## [What you are asked to do]
Starting at the line that contains "这个饼干有全麦、非全麦两个版", transcribe each line exactly through the end of the data below, and skip any pictures.

[Records from a data source]

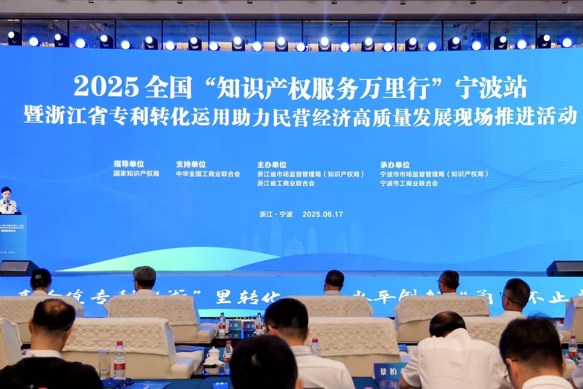 6月17日,2025全國“知識產(chǎn)權(quán)服務(wù)萬里行”寧波站暨浙江省專利轉(zhuǎn)化運用助力民營經(jīng)濟(jì)高質(zhì)量發(fā)展現(xiàn)場推進(jìn)活動在寧波市舉行。
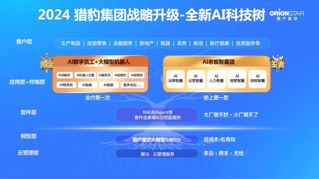 猎户星空着力打造“AI 科技树”,在实现大模型能力的基础上,从底层云管理服务、模型及套件层的套件全家桶和交钥匙服务,过渡到应用及终端层的AI数字员工+大模型机器人、AI老板智囊团,最终完成客户层的落地,技术架构紧密关联、层层递进,为客户提供闭环大模型应用体验。
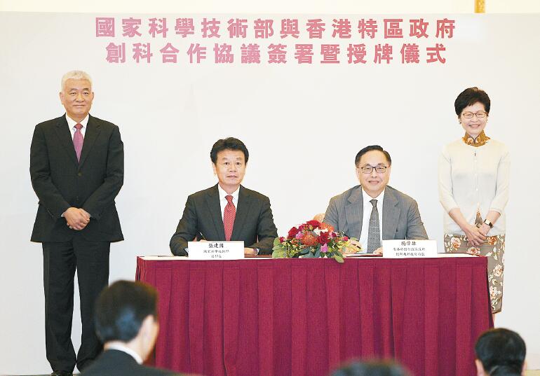 林鄭月娥和王志剛於昨早共聚禮賓府,見證特區政府與國家科學技術部簽署《內地與香港關於加強創新科技合作的安排》及《科學技術部與香港特別行政區政府創新及科技局關於開展聯合資助研發項目的協議》。
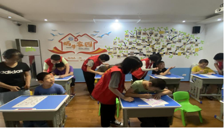 一下午的时光很快就过去了,我们队员走的时候,孩子们热情的为我们开门送别,跟我们说再见。在回学校的路上,我们队员们也感触颇深。从最开始去蜗牛家园的路上的忐忑、担忧的心情,到和孩子们深深接触后的放松,队员们的心境都有了一个很大的转变。这不仅仅是我们给他们带去关爱的志愿之旅,同时也是这些孩子们给与我们的最质朴的、纯洁的感情,给我们带来了心灵上的触动。我们一起在爱的包围下度过了愉快的下午。
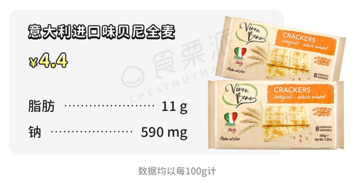这个饼干有全麦、非全麦两个版本,全麦版本加了全麦粉、小麦麸皮,每100g饼干有5.7g纤维;如果为了“好消化”吃苏打饼干,那建议选择非全麦的。
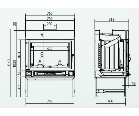 Система «чистое стекло» - технология, которая позволяет стеклу камина долгое время оставаться чистым и не коптиться. Также топка оснащена регулировкой подачи воздуха на горение и шиберной заслонкой с автоматическим открыванием(при открывании дверцы, шиберная заслонка открывается автоматически, данное преимущество позволяет максимально ограничить проникновение дымовых газов в комнату).

## [Response area]
这个饼干有全麦、非全麦两个版本,全麦版本加了全麦粉、小麦麸皮,每100g饼干有5.7g纤维;如果为了“好消化”吃苏打饼干,那建议选择非全麦的。
 Система «чистое стекло» - технология, которая позволяет стеклу камина долгое время оставаться чистым и не коптиться. Также топка оснащена регулировкой подачи воздуха на горение и шиберной заслонкой с автоматическим открыванием(при открывании дверцы, шиберная заслонка открывается автоматически, данное преимущество позволяет максимально ограничить проникновение дымовых газов в комнату).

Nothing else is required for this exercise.